> _How to complete this task_: Print out the data exactly, keeping every image out of it.

> _Data section_:
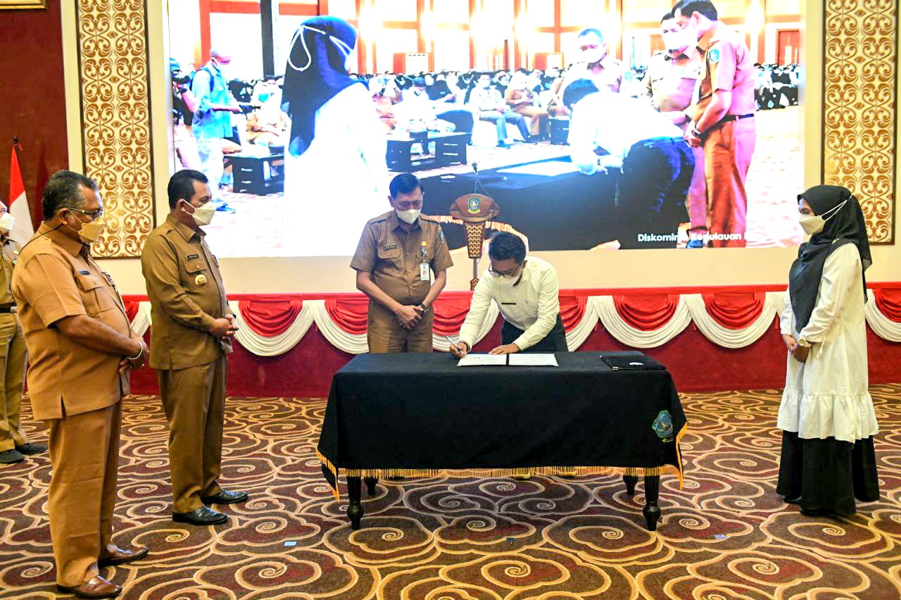 Perpanjangan kontrak ditandai dengan penandatanganan Surat Perjanjian Kerja bagi PTK non ASN di aula Wan Seri Beni, Dompak, Tanjungpinang, Senin (21/2/2022).
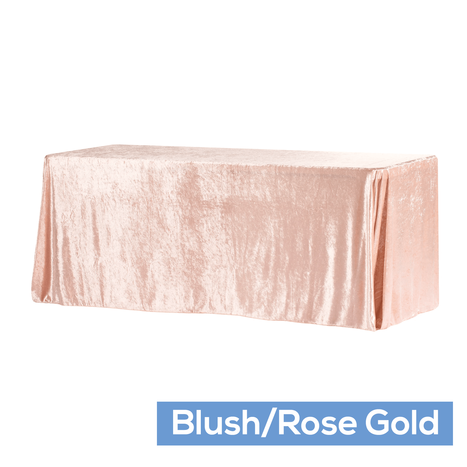 Color: Blush/Rose Gold Material: Velvet Size: Approx. 90"x132" Seamless Pack: 1 per polybag Drop: The tablecloth will touch the floor when placed on a 6 foot rectangular table with a 30" standard height.
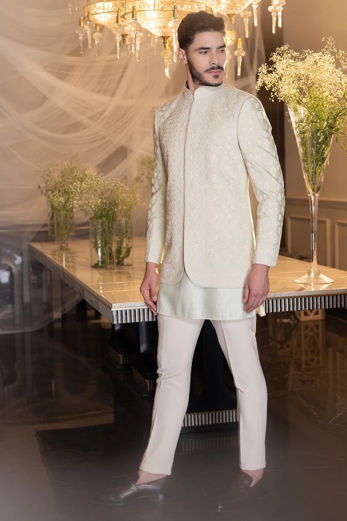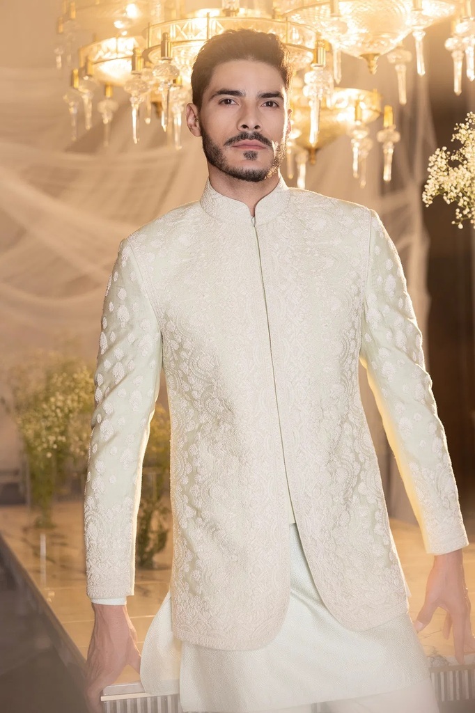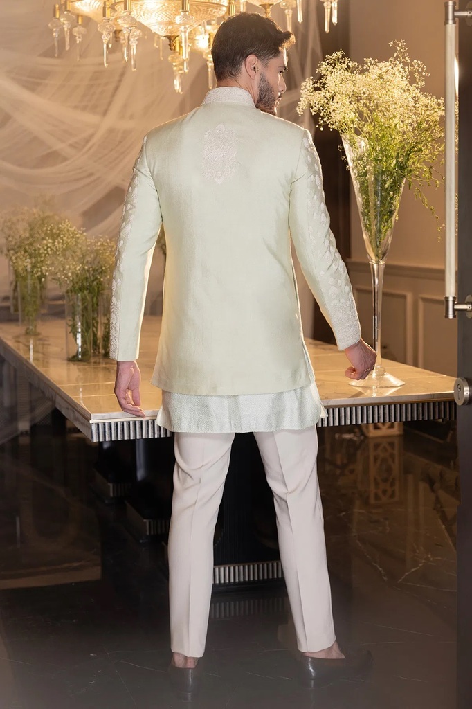Pale Green Resham Embroidered Silk Indowestern Sherwani

> _Reply to the exercise_:
 Perpanjangan kontrak ditandai dengan penandatanganan Surat Perjanjian Kerja bagi PTK non ASN di aula Wan Seri Beni, Dompak, Tanjungpinang, Senin (21/2/2022).
 Color: Blush/Rose Gold Material: Velvet Size: Approx. 90"x132" Seamless Pack: 1 per polybag Drop: The tablecloth will touch the floor when placed on a 6 foot rectangular table with a 30" standard height.
Pale Green Resham Embroidered Silk Indowestern Sherwani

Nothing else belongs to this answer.